1) Visualize your star performer, the one you can count on when it matters. What characteristics define them? What affect do they have on the organization? On the people around them?

2) Visualize your lowest performing employee. What characteristics define them? What affect do they have on the organization? On the people around them?

Great chief executives not only ask these questions regularly, they do something with the answers. What to do is rarely simple and never easy, yet the cost of doing nothing (for both high and low-performing employees) is staggering. So how do you proceed?

Star Performers: Growth or Burnout?

That path is all too common. Energetic, excited employees join our marketing and fundraising teams, bringing with them new ideas, connections to new communities, and the latest thinking from their university experience or previous job. They work enthusiastically, driven by the mission and a desire to make an impact. After years of swimming over their head with no training or (worse) having their ideas drowned in a sea of We-Already-Tried-Thats, they give up and let the waters take them under. They strike out for another arts organization or leave the field entirely.

A word about salaries: you must consider opportunity cost. A quick internet search for “cost of employee turnover” reveals a plethora of calculators to help you quantify the cost of turnover. It’s staggering—and more so for high performing employees who exit. At the end of the day, would raising a star performer’s salary by the cost of replacing them be the smarter business choice?

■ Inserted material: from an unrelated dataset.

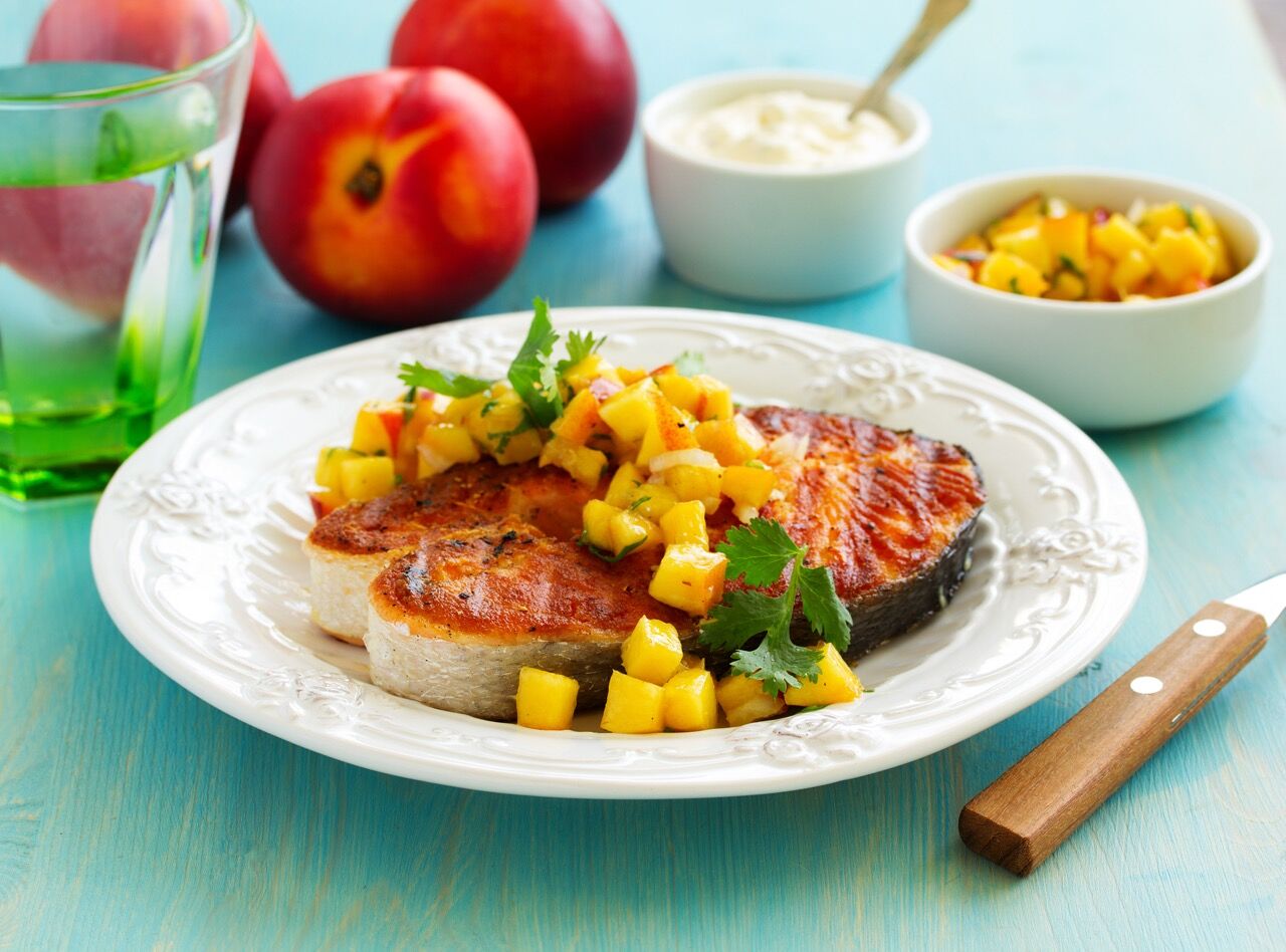 Žuvies gerbėjams: vasariška lašiša su persikais ir pomidorais

Low Performers: Change or Status Quo?

You’ve got them, and you know it. In fact, everyone else in the organization also knows it. You can cultivate them or you can let them go, but doing nothing breeds a culture of mediocrity and resentment that will poison your organization. Under-performing employees likely aren’t even happy themselves, let alone their effect on the coworkers who pick up the slack.

It Starts and Ends with You

I recently attended a session at the Theatre Communications Group conference on the ways in which bias creeps subtly into the workplace. It’s important for leaders to evaluate how their own bias might be affecting their definitions of employee success, as well as who they have promoted or entrusted with increasing responsibility. A leader’s preferred personal working style can’t be divorced from their own cultural background, and great leaders will evaluate this thoughtfully as they build their teams.

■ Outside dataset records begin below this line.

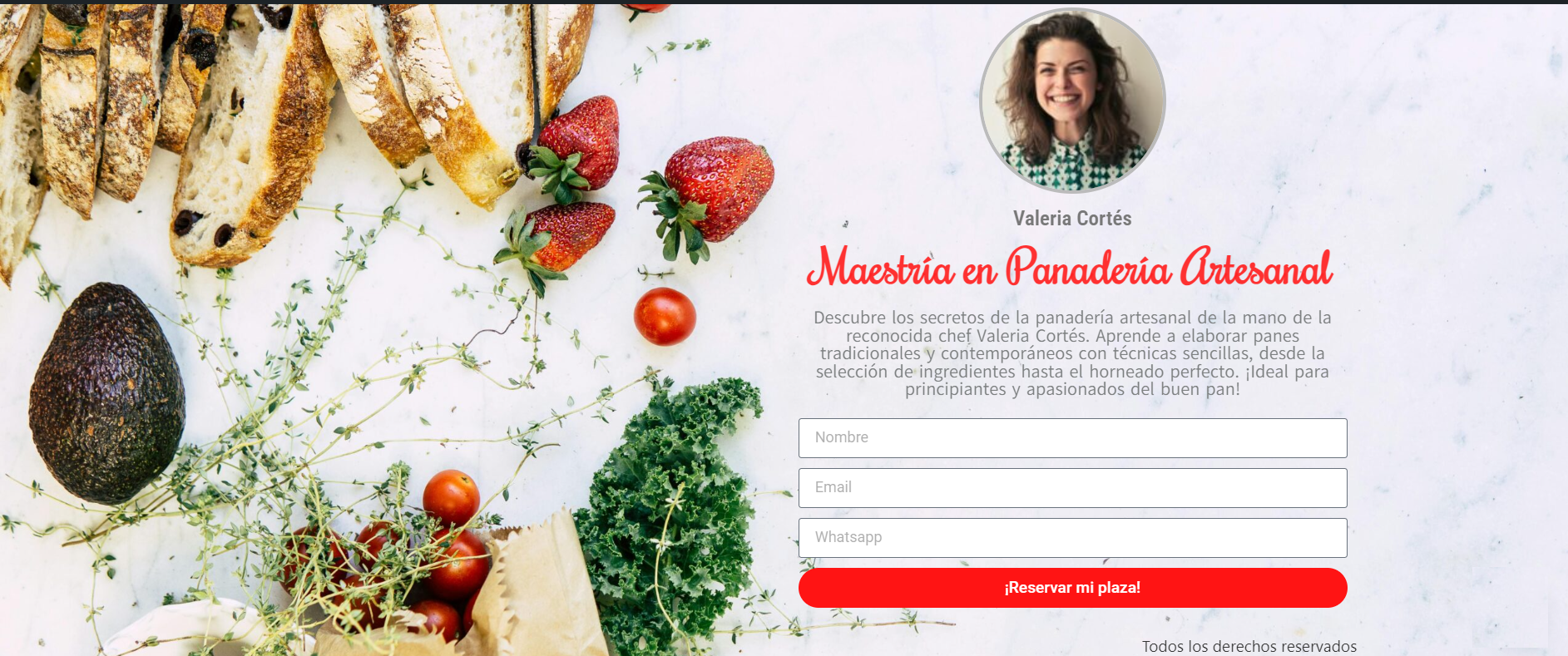 Esta plataforma web ha sido diseñada con el objetivo de captar alumnos interesados en aprender panadería artesanal de la mano de Valeria Cortés, chef especializada en técnicas tradicionales y recetas auténticas. Con un diseño cálido y profesional, la página está optimizada para atraer estudiantes y facilitar su inscripción en el curso.
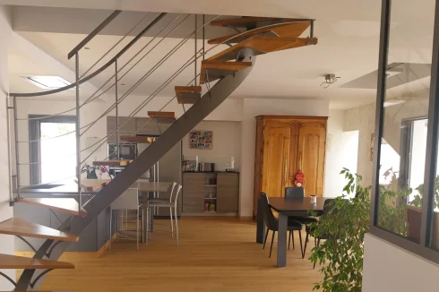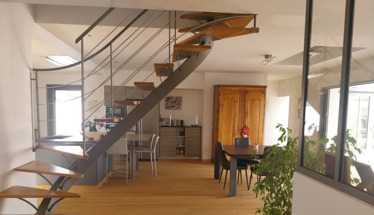Upstairs, a unique metal-and-wood staircase leads to a 20 m² multipurpose room, ideal as a home office, playroom, or guest bedroom for family and friends.
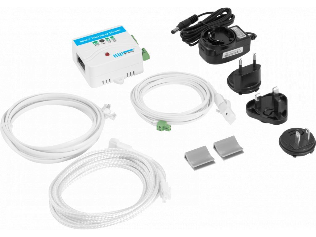 HWg-WLD Relay Set je sada pro detekci úniku vody a jiných vodivých kapalin. Obsahuje monitorovací jednotku HWg-WLD2 a detekční kabel pro identifikaci přítomnosti kapaliny. Systém umožňuje včasné odhalení úniku a minimalizaci škod. Jednotka komunikuje přes Ethernet a umožňuje vzdálený monitoring pomocí SNMP. Reléový výstup umožňuje přímou signalizaci nebo ovládání externích zařízení.
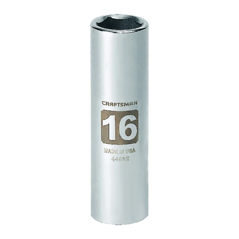 1/2-in. Drive 16mm 6 Point Deep Socket features a deep well construction and internal construction designed to engage with the flats of fasteners. This allows for the user to reach those hard to reach fasteners and torque without the fear of stripping a bolt.
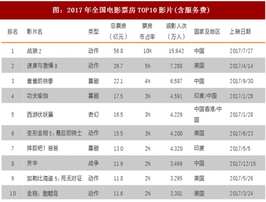 从单月票房同比增速分拆看,2017年8月单月实际票房同比增速为年内最高,实际票房(不含服务费)增速69.9%,其中主力贡献为《战狼2》,该片8月实现实际票房39.6亿元(累计实际53.06亿)。17年4月、10月单月票房增速均在40%以上,分别为《速度与激情8》及《羞羞的铁拳》带动。
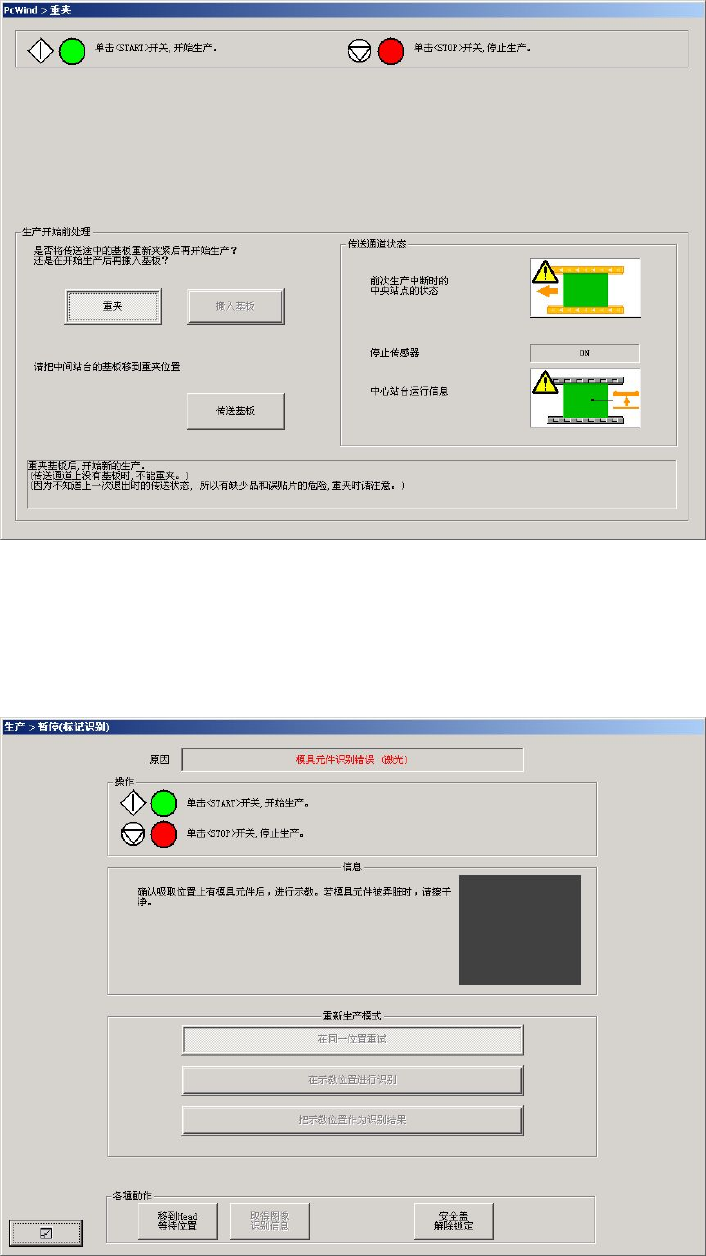 ⑧ 生产开始时,对基板上面的模具元件进行识别,如果发生识别错误时,即显示如下画面。进行吸取
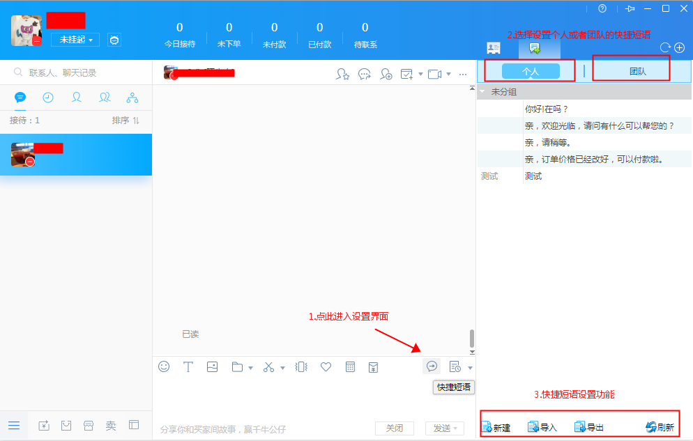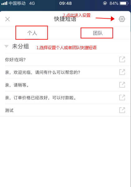 4.若店铺未创建子账号,快捷短语设置页面没有“团队” 的选项
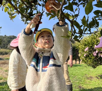 2月16日(月)、長野幼稚園の年長さんが、タンカン収穫を行いました(^^)
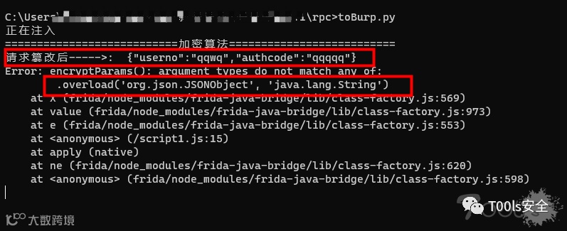 而我们在将JSONObject json发送到burp的时候,将JSONObject json类型转换为了String,导致调用encryptParams方法进行加密的时候,JSONObject json这个参数转换为了string类型的,所以匹配不到,故提示要重载。
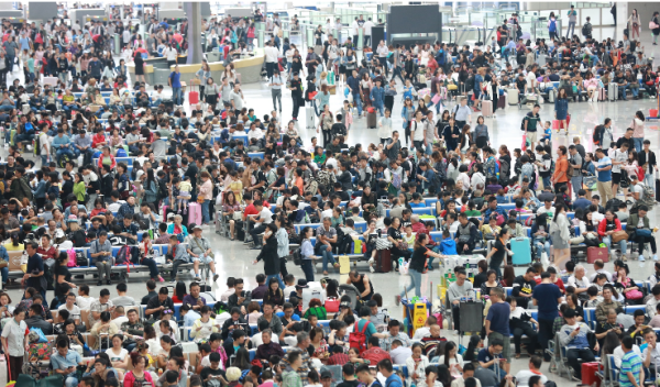 2017年9月30日,旅客在重庆北站北广场等候乘车出行。国庆中秋长假即将来临,重庆铁路迎来了长假前的客流高峰,大批旅客涌进火车站。在重庆火车北站北广场候车大厅内人山人海,场面壮观。

Your organizational culture is your own creation. Regardless of your predecessor, your organizational history or your board composition, you build the look and feel of your team by how you lead today. Your team wants clarity and leadership. If you commit to accountability and reward results, if you bolster your teams by investment in training, if you commit both to joy and to hard work, you’ll craft a culture of mutual respect and hard work that keeps employees for a long time.